En anteriores trabajos, me interesé en cómo distintos discursos sobre el género parecían
crear y hacer circular ciertos ideales de género, produciendo esos ideales pero
haciéndolos pasar por esencias naturales o verdades interiores que en consecuencia eran
expresadas en esos mismos ideales. Así que el efecto de un discurso –en este caso, un
conjunto de ideales de género– era en general malinterpretado como la causa interior del
deseo y el comportamiento de un individuo, una realidad nuclear que se expresaba en
los gestos y acciones de cada persona. La causa interna o la realidad nuclear no solo
sustituía la norma social sino que enmascaraba de manera efectiva y facilitaba la
operación de esa norma. La formulación “el género es performativo” se convirtió en la
base de muchas y muy largas discusiones sobre temas que incluían dos interpretaciones
bastante opuestas: la primera era que elegimos radicalmente nuestros géneros; la
segunda, que estamos rotundamente determinados por las normas de género. Estas
respuestas totalmente divergentes significan que algo no ha sido lo bastante bien
articulado y captado en lo que respecta a las dimensiones duales de cualquier
descripción de la performatividad.

Pues si el lenguaje actúa sobre nosotros antes de que actuemos y continúa actuando en
el mismo momento en que actuamos, tenemos que pensar en la performatividad de
género primero como una “asignación de género”: todos esos modos en los que nos
nombran y nos nombraron, y en los que se nos atribuye un género antes de que
entendamos nada sobre cómo las normas de género actúan sobre nosotros y nos
conforman, y antes de nuestra capacidad para reproducir esas normas de modos que
podamos elegir. La elección, de hecho, llega más tarde en este proceso de
performatividad.

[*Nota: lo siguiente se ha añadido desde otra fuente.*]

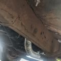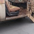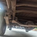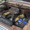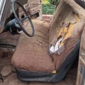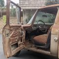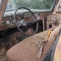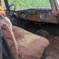 I’m almost certain we had a couch with similar fabric when I was a kid in the 1960s and 70s. I believe the paint color is Desert Tan or possibly Parchment White, or maybe the box/bed is white, and the cab is tan? It’s so faded that it’s hard to tell, and the seller doesn’t show a photo of a data plate, so it’s hard to know. The interior needs a lot of help. There are visible rust holes in the floor, and the seat and door panels are pretty much gone. This truck has a three-speed manual with a column shifter, but a four-speed would have been available, along with a BorgWarner automatic.

Y en segundo lugar, siguiendo a Sedwigck, tenemos que entender
cómo las desviaciones respecto a esas normas pueden tener lugar y lo tienen, de hecho,
sugiriendo que algo “queer” opera en el corazón de la performatividad de género, una
rareza que no es muy distinta de los virajes que toma la iterabilidad en la explicación de
Derrida sobre el acto de habla como citacional.

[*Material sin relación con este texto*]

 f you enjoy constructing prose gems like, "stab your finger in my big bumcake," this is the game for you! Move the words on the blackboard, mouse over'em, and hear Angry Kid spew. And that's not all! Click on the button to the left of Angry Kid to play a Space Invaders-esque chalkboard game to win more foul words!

Así que vamos a asumir, pues, que la performatividad describe tanto los procesos de
ser representados como las condiciones y posibilidades para actuar, y que no
podemos entender esta operación sin ninguna de ambas dimensiones. Las normas que
actúan sobre nosotros implican que somos susceptibles a su acción, vulnerables a ciertos
nombres desde el principio. Y esto se registra en un nivel que es anterior a cualquier
posibilidad de volición. La comprensión de la asignación de género ha de afrontar este
campo de receptividad involuntaria, susceptibilidad y vulnerabilidad, un modo de ser
expuestos al lenguaje antes de cualquier posibilidad de formar o formular un acto
discursivo. Normas como estas requieren e instituyen ciertas formas de vulnerabilidad
corporal sin las cuales su operación no sería pensable. Es por eso que podemos –y de
hecho lo hacemos– describir la poderosa fuerza citacional de las normas de género
cuando son instituidas y aplicadas por instituciones médicas, legales y psiquiátricas y
objetar sobre el efecto que tienen en la formación de la comprensión del género en
términos patológicos o criminales. Aún así, este mismo dominio de susceptibilidad, la
condición de ser afectado, es también el lugar donde algo extraño puede suceder, donde
la norma es rechazada o revisada, o donde empiezan nuevas formulaciones de género.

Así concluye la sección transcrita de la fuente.